=== Begin Enclosure ===

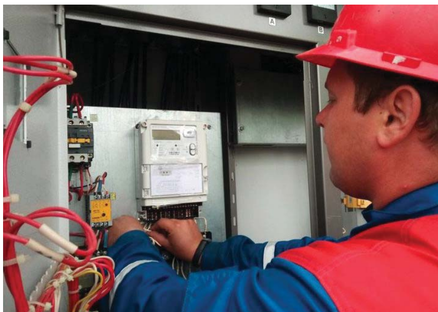
Фото Юлии СМАГРИНСКОЙ. По материалам «Мой Дом Москва».

«Россети Московский регион» содействуют реализации программы реновации в столице с 2017 года. За это время энергетики подключили к сетям 41 дом.
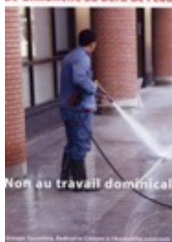
Non au travail dominical

☒ Cette mesure aura un effet nul sur la croissance, car l'argent dépensé le dimanche ne le sera pas le reste de la semaine.
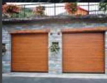
Portoni per garage
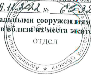
Схема размещения гаражей, являющихся некапитальными сооружениями, стоянок технических или других средств передвижения инвалидов вблизи их места жительства Местоположение/кадастровый №: Московская область, Одинцовский г.о., д. Супонево, кадастровый номер квартала 50:49:0010101 Площадь земельного участка: 1060 кв.м. Категория земель: земли населенных пунктов Вид разрешенного использования: в соответствии с территориальной зоной Обеспечение доступа: земли общего пользования

Утверждена Постановлением Администрации Одинцовского городского округа Московской области от 09.11.2012 № 65/12
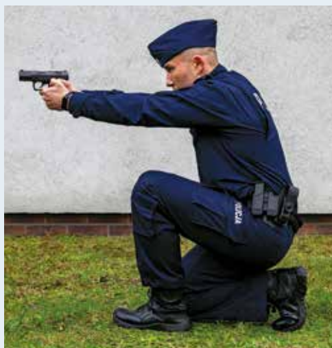
Fot. 5. Postawa strzelecka klęcząca niska, widok z boku.
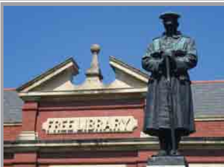
Cofeb Ryfel yr Eglwys Newydd Llyfrgell yr Eglwys Newydd, Stryd y Parc Circa 1920
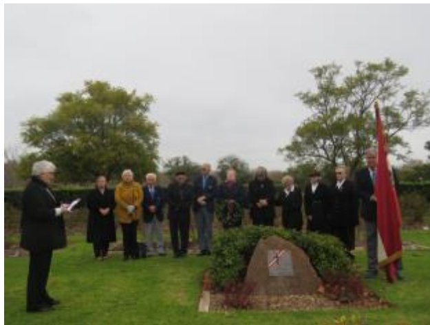
42 - Jūnijā (Austrālijas ziemā) ierobežotā skaitā Centennial parkā pie Latviešu akmens noturējām Aizvesto piemiņas a tceri.

Vanadzēs sāka gatavot ik sestdienas pusdienas. Cilvēki bija noiļģojušies pēc tikšanās klātienē un sarunām, pārrunām; čaloja kā strautiņi pavasarī, bet atkal pulcēšanās laika limits.
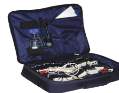
Модульная система экспериментов с программным и методическим обеспечением
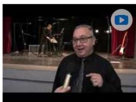
Tradícia koncertov k MDŽ
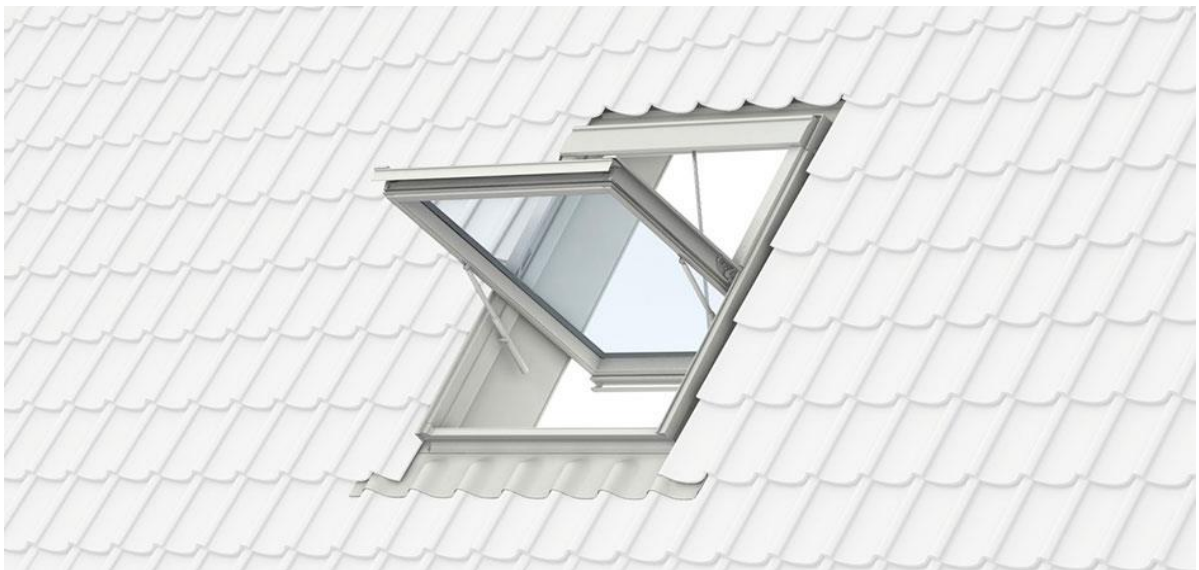
Slika 11: Prozor za odimljavanje
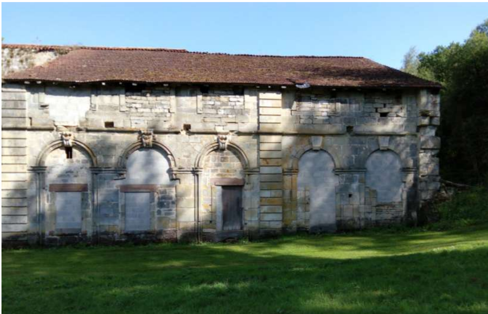
Morimond, pozůstatek konventního kostela
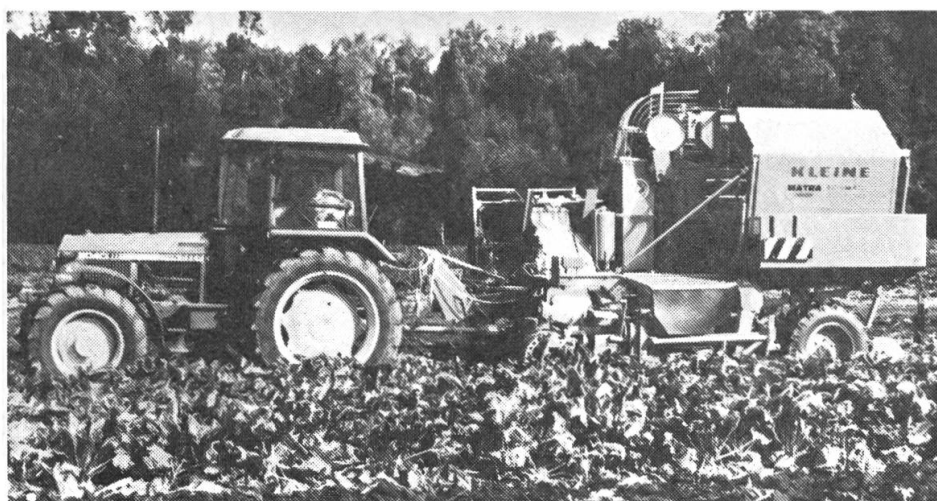
Fig. 2: Récolteuse totale de betteraves sucrières KLEINE Automatic 5500, le développement couronné de succès de la série «automatic».

Actuellement, MATRA emploie une soixantaine de collabora-

=== End Enclosure ===

Make an exact copy of each line, beginning at the one containing "Fig. 2: Récolteuse" and ending with the last line of the data, and of no other line.

Fig. 2: Récolteuse totale de betteraves sucrières KLEINE Automatic 5500, le développement couronné de succès de la série «automatic».

Actuellement, MATRA emploie une soixantaine de collabora-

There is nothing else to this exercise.